Speaking with Ryan, the Cervical Check campaigner explained: "Even though I don't want to be away from my kids, I'm torn.

"For me, the way I look at it is I'm very rational and scientific and that's the way I have had to be and the way I cope with things.

"I rationalise things by saying, 'It's short-term pain for long-term gain'. If this trial works, I get more time with my kids.

"They understand it, I've been very open and honest with my kids from the very beginning."

She also said that she gets "upset" thinking about leaving her family in Ireland as she scared she's "not coming back".

Vicky continued: "I'm the type of person that will try something else, I've responded so well to immunotherapy that for me, it's worth a shot.

"If it doesn't work Ryan, I have no regrets. What I'm scared of most is not coming back or coming back in a coffin.

"That's why I'm getting upset about leaving because you don't know if I'm going to come back, that is the worry."

Also on the show Vicky spoke about the past year with Covid-19 and she admitted that the year helped slow everything down for her.
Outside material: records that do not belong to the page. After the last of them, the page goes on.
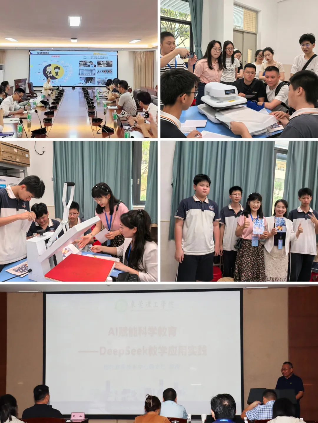 隨后,研修班的學員認真聽取了東莞理工學院現(xiàn)代教育技術中心主任魏文紅教授所作《AI賦能科學教育:Deepseek教學應用實踐》專題報告,并集體參觀東莞市厚街湖景中學,通過特色課:《熱轉(zhuǎn)印技術賦能文創(chuàng)作品》、行政講座:《美好教育的假設與探索》、專題講座:《慧創(chuàng)科技教育的實踐探索》的學習交流,在緊張、熱烈而興奮的氣氛中,完成了第一天的研修課程。
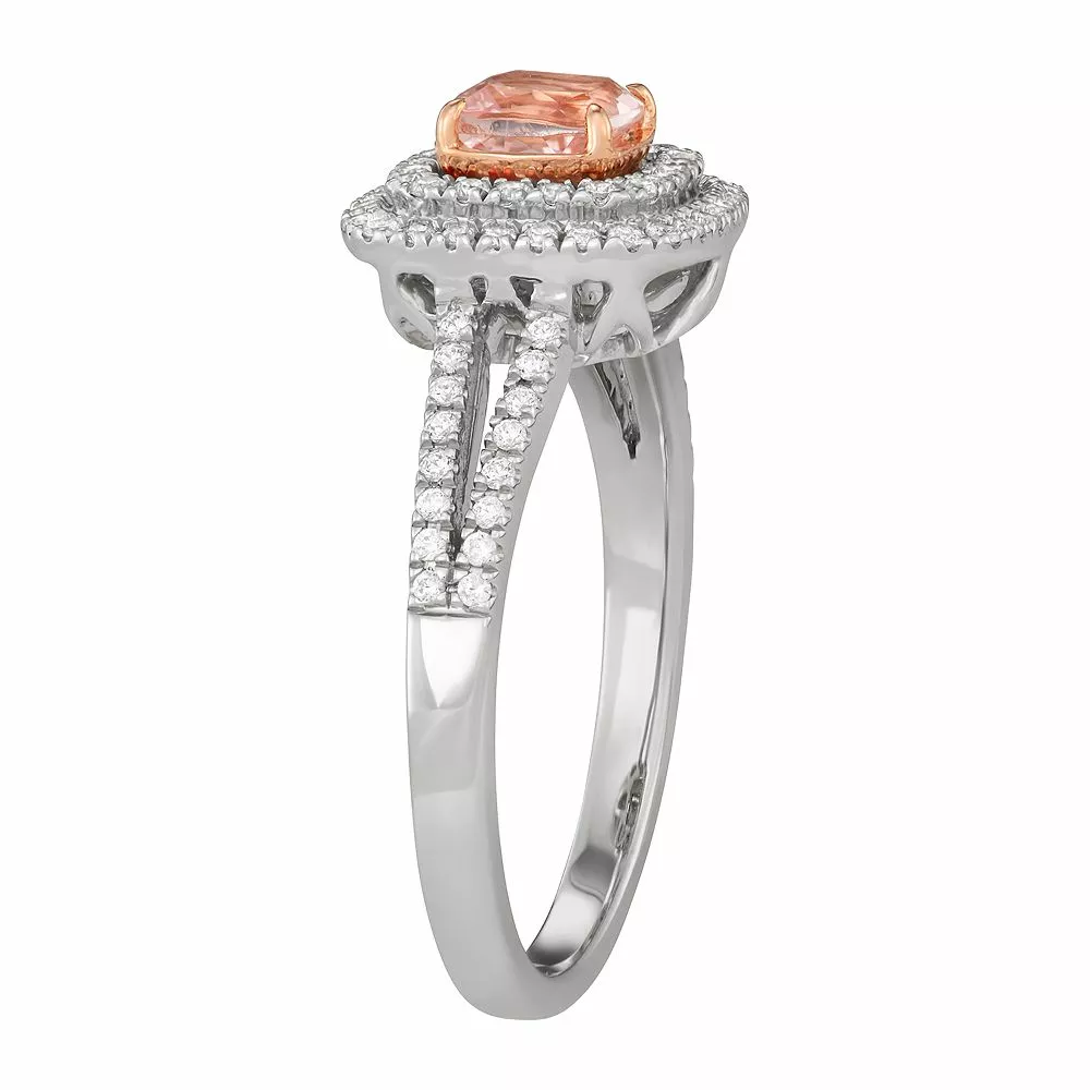 Beautifully decorated with a cushion-shaped morganite center stone and scintillating diamonds, this 14k white gold teardrop halo ring lends timeless elegance to your ensembles.
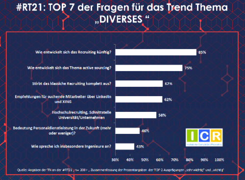 So haben die angemeldeten Teilnehmer über die Wichtigkeit der eingereichten Fragen zu diesem Trend Thema abgestimmt: ![]() Recruiting Trend Thema " DIVERSITY RECRUITING":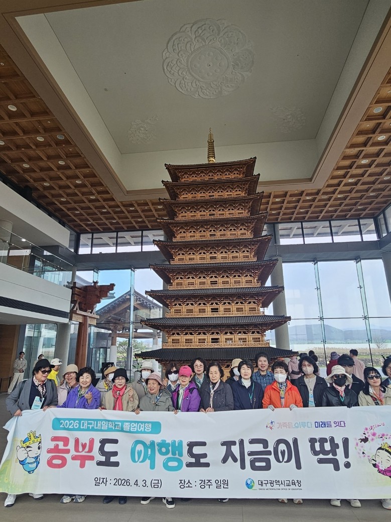 [대구 세계타임즈=한윤석 기자] 대구시교육청은 4월 3일(금) 학력인정 문해교육 프로그램 ‘대구내일학교’ 중학과정 3단계 성인 학습자 59명을 대상으로 경주 일대에서 졸업여행을 실시했다.

She explained: "It has been a rough year for everybody I think to be quite honest, but for me, things actually slowed down a bit.

"When Covid hit back in March when we really felt the presence of it in Ireland, I had so much lined up for March because it was International Women's Day, I had loads of talks lined up and I just had to cancel everything.

"For me, I realised, 'I have to slow down here', I was exhausted, I slept quite a lot. It made me re-evaluate the importance of my condition and spending time with people I love."